On the day of the 2016 Australian Federal election, let’s rewind to last year.  On September 14, 2015, Malcolm Turnbull ascended to the party Liberal Party leadership, and Australia breathed a collective sigh of relief as the brief, but strange and destructive, reign of Tony Abbott came to an abrupt end.  There was a sense, especially amongst Australian progressives, that we might see a return to a more moderate Liberal Party. And if you cursorily examine Turnbull’s acceptance speech, it sounds thoroughly sensible and moderate, touching on now-familiar bromides of “creativity” and “innovation”:

“This will be a thoroughly Liberal Government. It will be a thoroughly Liberal government committed to freedom, the individual and the market. It’ll be focused on ensuring that in the years ahead as the world becomes more and more competitive and greater opportunities arise, we are able to take advantage of that.

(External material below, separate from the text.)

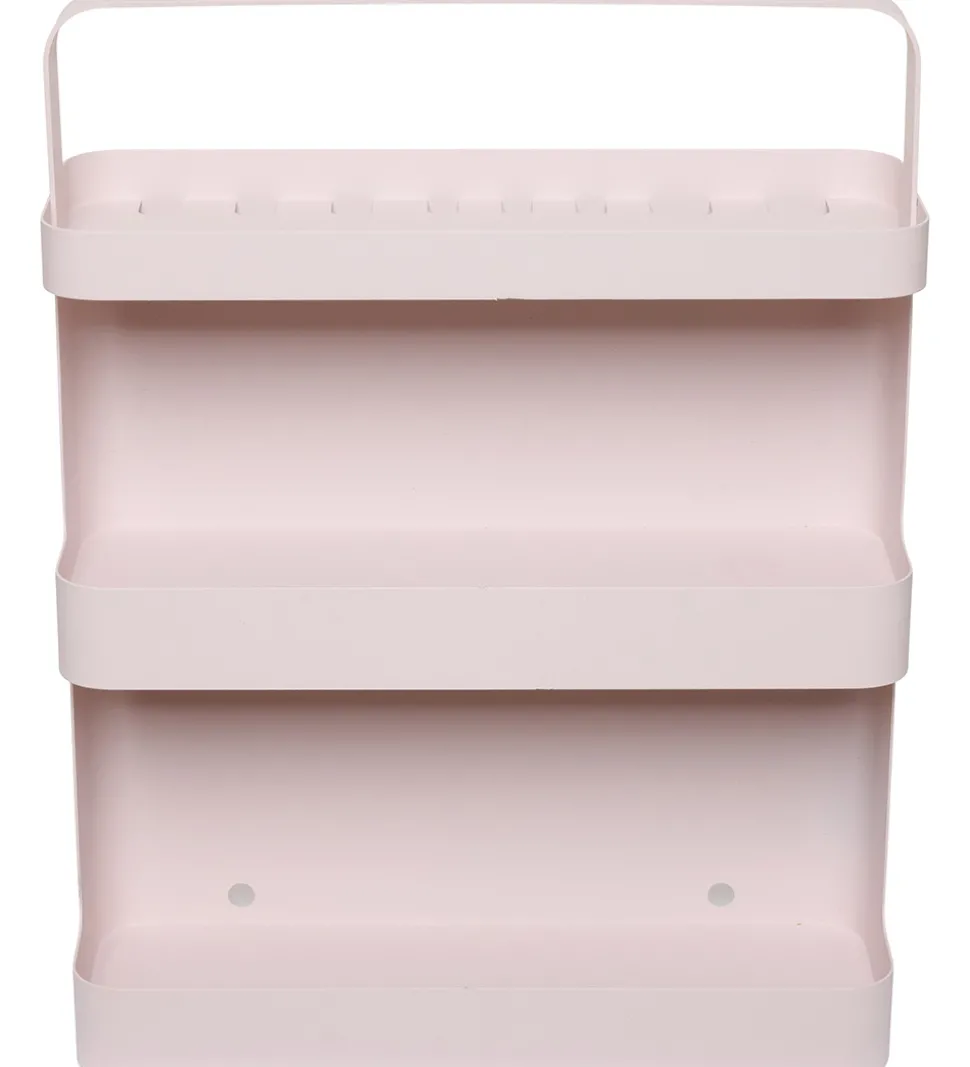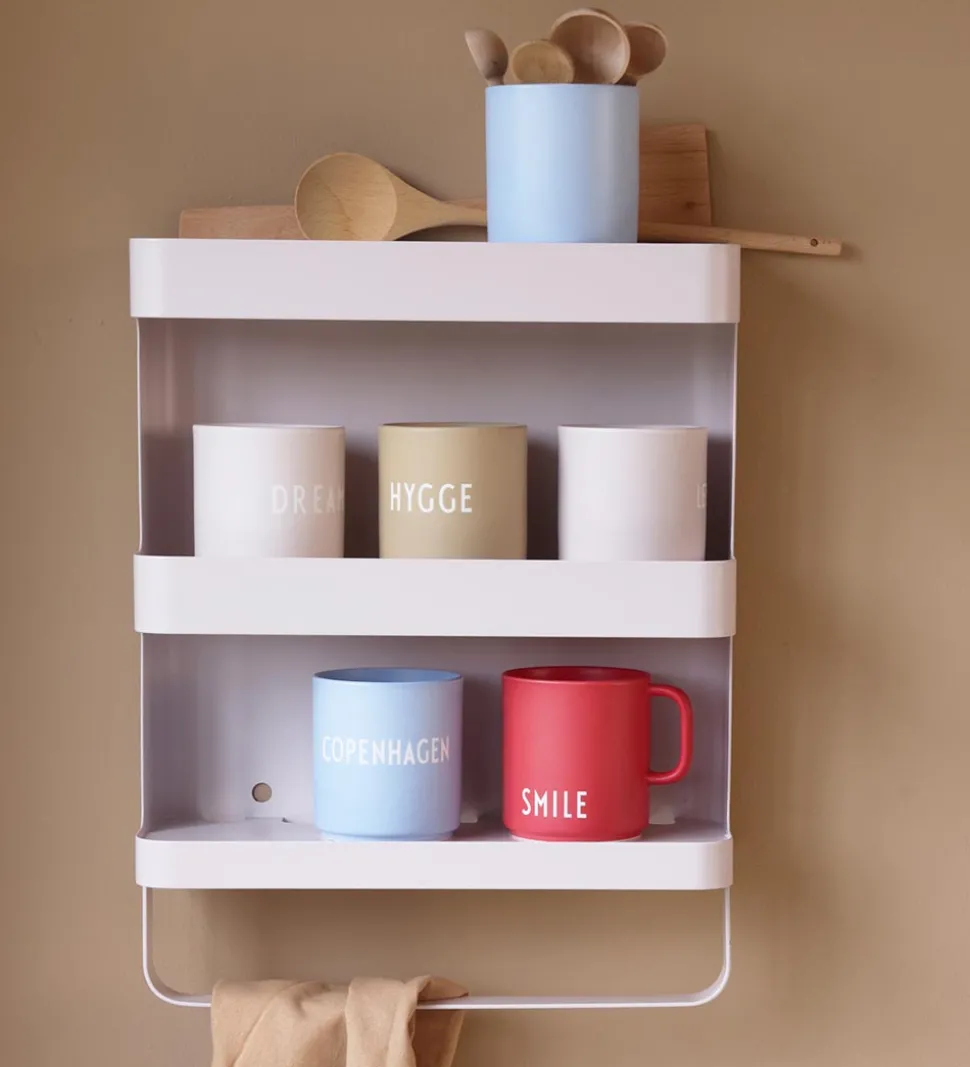 Design Letters hylden består af tre hylder, og toppen har den en praktisk hank, så man kan flytte rundt på hylden. Og hvis hylden vender den ene vej, kan hanken bruges som støtte til lange ting, og hvis den vender den anden vej, kan den f.eks. bruges til håndklæder eller viskestykker. Der er desuden en magnet, som holder din telefon atsbil, hvis du gerne vil bruge mobilens kamera som spejl.

The Australia of the future has to be a nation that is agile, that is innovative, that is creative. We can’t be defensive, we can’t future-proof ourselves. We have to recognise that the disruption that we see driven by technology, the volatility in change is our friend if we are agile and smart enough to take advantage of it. There has never been a more exciting time to be alive than today and there has never been a more exciting time to be an Australian. We will ensure that all Australians understand that their government recognises the opportunities of the future and is putting in place the policies and the plans to enable them to take advantage of it.”

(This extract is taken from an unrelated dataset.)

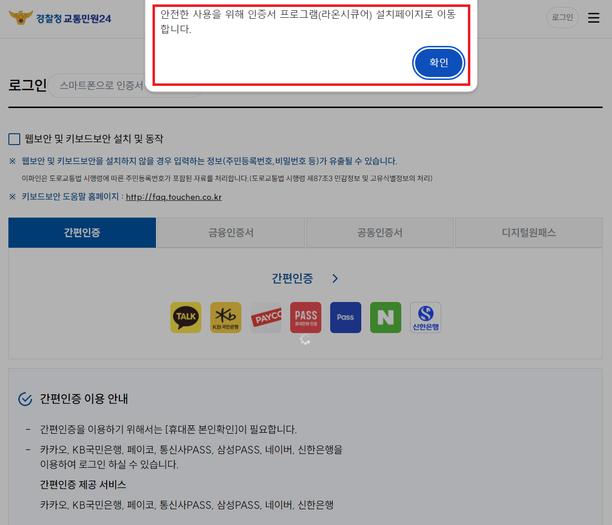 인증서 프로그램 설치페이지로 이동하여 설치합니다.

Who can be against any of that?  Sounds good, right?  Being agile, creative, innovative! Yeaah! But having lived in the United States through the first dot-com boom, the Global Financial Crisis, and now the current tech-boom that creates only a relatively small number of jobs (and wealth for only a few of those in those jobs) and the rise of the predatory “sharing economy” of AirBnB and Uber, many of these phrases ring hollow to me. Phrases that use words like agility, creativity and innovation are very handy because they sound great as sound-bites, but are more often used as a fig leaf to disguise the true agenda.  Cognitive linguist George Lakoff in Don’t Think of an Elephant and Moral Politics has written extensively about how US right-wing think-tanks like the Heritage Foundation and the American Enterprise Institute have been successfully using words and metaphors to “frame” otherwise unpalatable policies for decades.  These think-tanks have, in turn, been diligently exporting these framings around the world through exchanges with Australian equivalents like the Institute for Public Affairs. Creativity and innovation used in the context of the LNP are code for a corporatist neoliberal set of policies that is focused on one thing and one thing only: enriching those already wealthy with even more wealth.

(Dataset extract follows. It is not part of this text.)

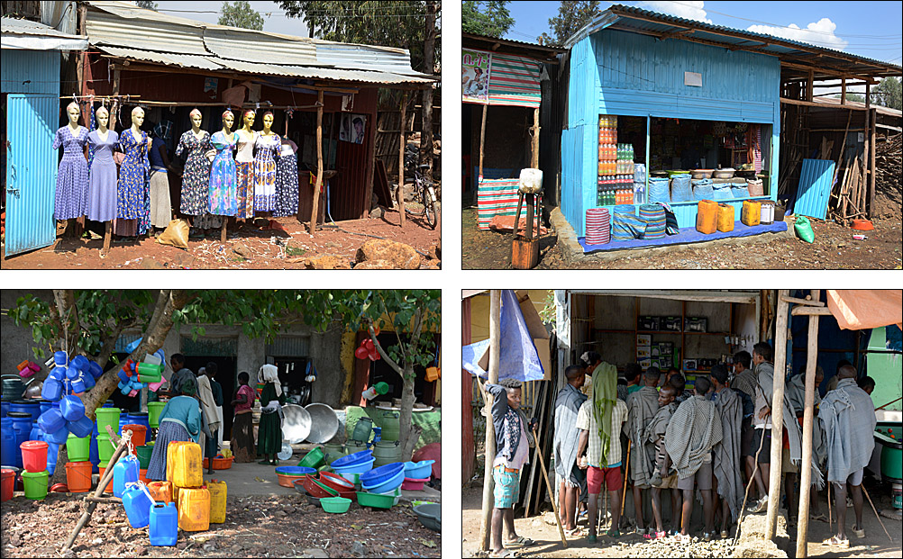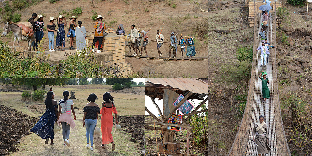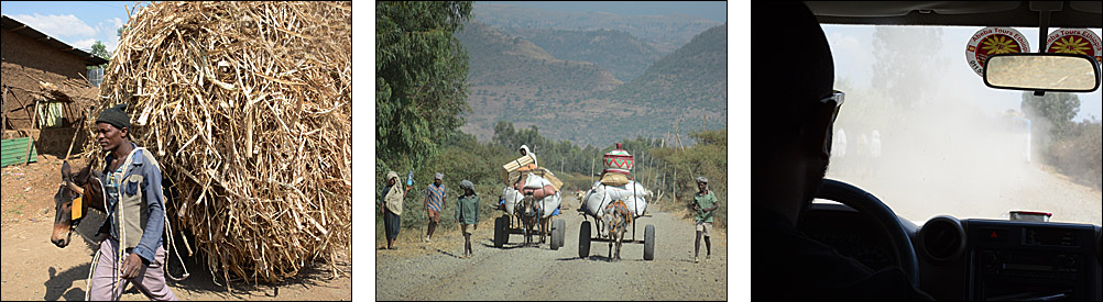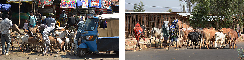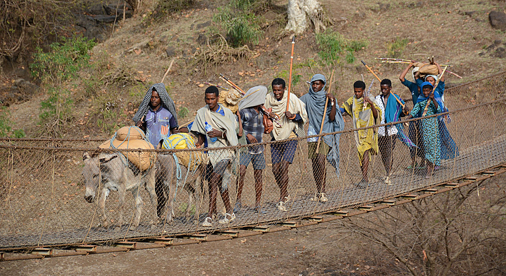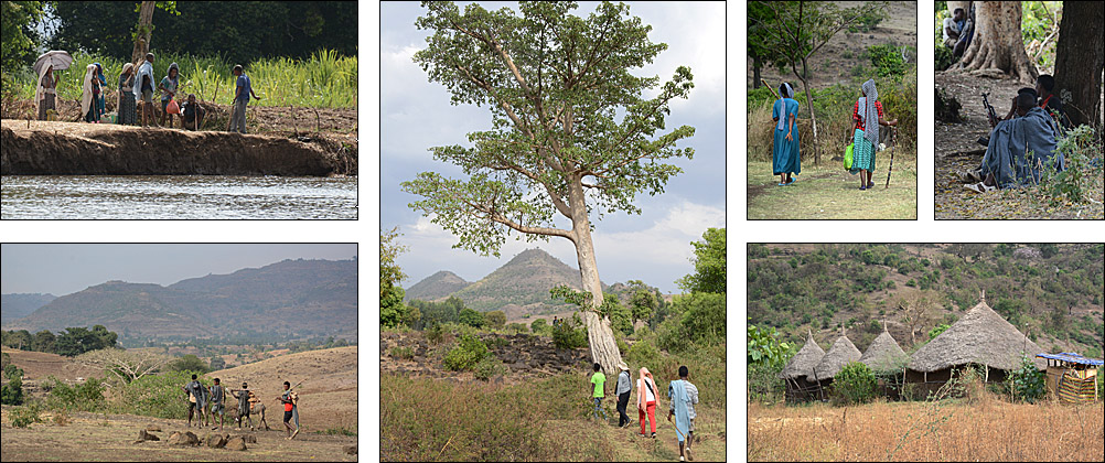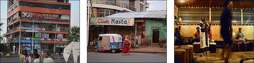 ![]() La route qui mène aux chutes du Nil Bleu est une piste de gravier, bordée de maisons à ossature de bois couverte de terre crue, parfois de tôle ondulée. Elle traverse des villages et des petites villes dépourvus de trottoir, où le bétail est omniprésent, ainsi que la poussière soulevée par les véhicules. Il ne fait pas si chaud grâce à l'altitude. Partout des échoppes en tôle ondulée bordent la voie et les gens semblent toujours fort occupés. ![]() ![]() ![]() ![]() Aujourd'hui, 80% de la vaste population de l'Ethiopie vit encore en zone rurale, une proportion importante qui devient rare ailleurs. Du coup, on ne voit pas de bidonvilles autour des centres urbains, presque pas de machines agricoles, les techniques agraires sont archaïques mais tout le monde a du travail. Qu'en sera-t-il pour les générations qui arrivent ? En tous cas toute la région, bien irriguée notamment par le lac et les affluents du Nil est couverte de champs. ![]() Ici, le Nil est un fleuve assez calme (même s'il faut se méfier des crocos), que l'on traverse avec un petit bac pour aller voir les chutes renommées. ![]() Vingt minutes de marche dans un paysage pastoral, entre plantations de canne à sucre et d'oignons bien verts, parcourus par des bergers, des hommes avec leur bâton (parfois une mitraillette) sur les épaules, aux vêtements couleur de terre et de poussière, et des femmes en robes longues bleu canard ou vert, un grand châle sur la tête... conduisent aux chutes elles-mêmes. ![]() ![]() A l'arrivée, les chutes sont un peu décevantes. En effet elles ont perdu les 9/10e de leur splendeur à cause d'un barage hydroélectrique installé juste en amont. Il y encore vingt ans, l'eau arrivait jusqu'à l'endroit d'où la photo ci-dessus est prise, en un vaste arc-de-cercle qui devait être impressionnant. Le filet d'eau aujourd'hui semble bien maigrichon, suffisant à peine à irriguer les villages des alentours... qui ne bénéficient même pas de l'électricité produite. C'est quand même une balade agréable. A noter que les huttes que l'on voit ci-dessus à droite de l'image ne sont pas un hameau traditionnel, mais un lodge de luxe, comme il y en a dans tous les hauts lieux du pays - mais au moins en faisant couleur locale. ![]() ![]() Sur le pont suspendu deux Ethiopie se croisent sans se rencontrer : les jolies jeunes filles modernes en excursion, enchaînant les selfies et les poses "kawaï", et les pasteurs tout droit arrivés du Moyen-Age avec leurs bêtes et leurs baluchons. ![]() ![]() En sortant d'un petit resto le soir (ça semblait bien copieux, avant qu'on réalise que les assiettes suffisantes pour bien sustenter Frédéric étaient prévues pour être partagées à plusieurs...), on se fait happer par une charmante et fort expansive jeune femme dans un bar d'où sortait de la frénétique musique traditionnelle, et où dansaient d'autres belles filles et jeunes hommes, en tenue locale. Ils se trémoussaient sur le rythme déchaîné, avec la danse typique d'ici qui consiste surtout à remuer super vite les épaules d'avant en arrière sans bouger les bras, se déhancher de façon fort suggestive, et faire tourbillonner leur chevelure énorme. La bière coule à flot, les pourboires aussi... ![]() |

Many progressive Australians didn’t really see this true agenda clearly and wanted to believe that this would be a kinder, gentler Coalition government. I, too, shared this hope (although there were some commentators at the time who were not buying it). And, while the rhetoric on social issues like gay marriage has clearly shifted in a more moderate direction, in the areas that affect the most people: economics, benefits, job security and investments to build a better future, the Turnbull government has doubled-down on the economic rationalism. (The Labor Party under Shorten, by mostly sticking to economic rationalism-lite, has failed to offer a truly compelling alternatives).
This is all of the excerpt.